MATERIAL SHOWN ->
== Segment start ==

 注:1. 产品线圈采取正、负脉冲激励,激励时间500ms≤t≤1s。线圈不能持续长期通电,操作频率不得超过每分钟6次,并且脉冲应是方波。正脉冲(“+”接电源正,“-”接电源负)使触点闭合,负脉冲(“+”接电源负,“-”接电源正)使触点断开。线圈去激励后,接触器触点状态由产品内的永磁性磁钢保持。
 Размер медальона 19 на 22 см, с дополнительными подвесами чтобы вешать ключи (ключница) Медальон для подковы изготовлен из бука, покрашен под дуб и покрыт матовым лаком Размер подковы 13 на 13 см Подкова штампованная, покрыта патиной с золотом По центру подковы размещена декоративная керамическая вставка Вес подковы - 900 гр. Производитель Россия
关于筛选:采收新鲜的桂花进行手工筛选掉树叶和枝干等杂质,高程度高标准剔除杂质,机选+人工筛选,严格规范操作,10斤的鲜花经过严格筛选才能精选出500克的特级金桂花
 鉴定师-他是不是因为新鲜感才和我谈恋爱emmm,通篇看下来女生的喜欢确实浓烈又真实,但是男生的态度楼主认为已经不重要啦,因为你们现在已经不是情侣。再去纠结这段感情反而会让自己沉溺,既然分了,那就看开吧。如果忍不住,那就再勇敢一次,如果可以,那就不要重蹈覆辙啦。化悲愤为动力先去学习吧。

== Segment end ==
== Segment start ==

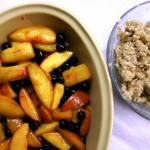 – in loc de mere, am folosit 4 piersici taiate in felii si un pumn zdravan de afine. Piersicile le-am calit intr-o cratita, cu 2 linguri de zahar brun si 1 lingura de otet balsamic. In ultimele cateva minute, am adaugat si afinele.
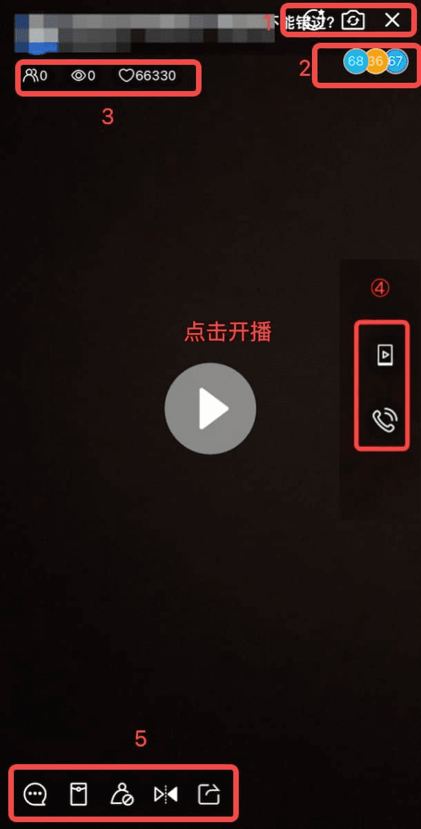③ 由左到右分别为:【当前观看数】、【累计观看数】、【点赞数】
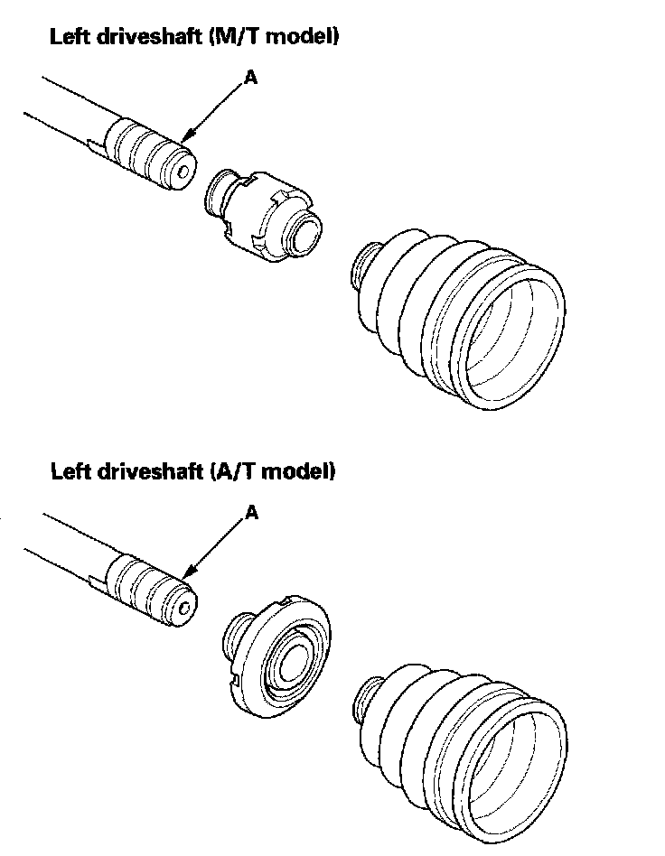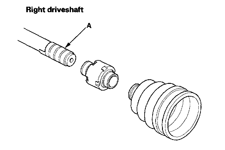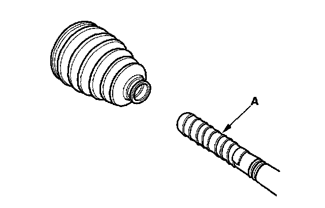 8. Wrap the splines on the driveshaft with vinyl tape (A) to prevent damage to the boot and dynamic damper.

== Segment end ==

Repeat exactly the lines above from the one with "注:1. 产品线圈采取正、负" up to and including the one with "鉴定师-他是不是因为新鲜感才". No other line belongs in the reply.

 注:1. 产品线圈采取正、负脉冲激励,激励时间500ms≤t≤1s。线圈不能持续长期通电,操作频率不得超过每分钟6次,并且脉冲应是方波。正脉冲(“+”接电源正,“-”接电源负)使触点闭合,负脉冲(“+”接电源负,“-”接电源正)使触点断开。线圈去激励后,接触器触点状态由产品内的永磁性磁钢保持。
 Размер медальона 19 на 22 см, с дополнительными подвесами чтобы вешать ключи (ключница) Медальон для подковы изготовлен из бука, покрашен под дуб и покрыт матовым лаком Размер подковы 13 на 13 см Подкова штампованная, покрыта патиной с золотом По центру подковы размещена декоративная керамическая вставка Вес подковы - 900 гр. Производитель Россия
关于筛选:采收新鲜的桂花进行手工筛选掉树叶和枝干等杂质,高程度高标准剔除杂质,机选+人工筛选,严格规范操作,10斤的鲜花经过严格筛选才能精选出500克的特级金桂花
 鉴定师-他是不是因为新鲜感才和我谈恋爱emmm,通篇看下来女生的喜欢确实浓烈又真实,但是男生的态度楼主认为已经不重要啦,因为你们现在已经不是情侣。再去纠结这段感情反而会让自己沉溺,既然分了,那就看开吧。如果忍不住,那就再勇敢一次,如果可以,那就不要重蹈覆辙啦。化悲愤为动力先去学习吧。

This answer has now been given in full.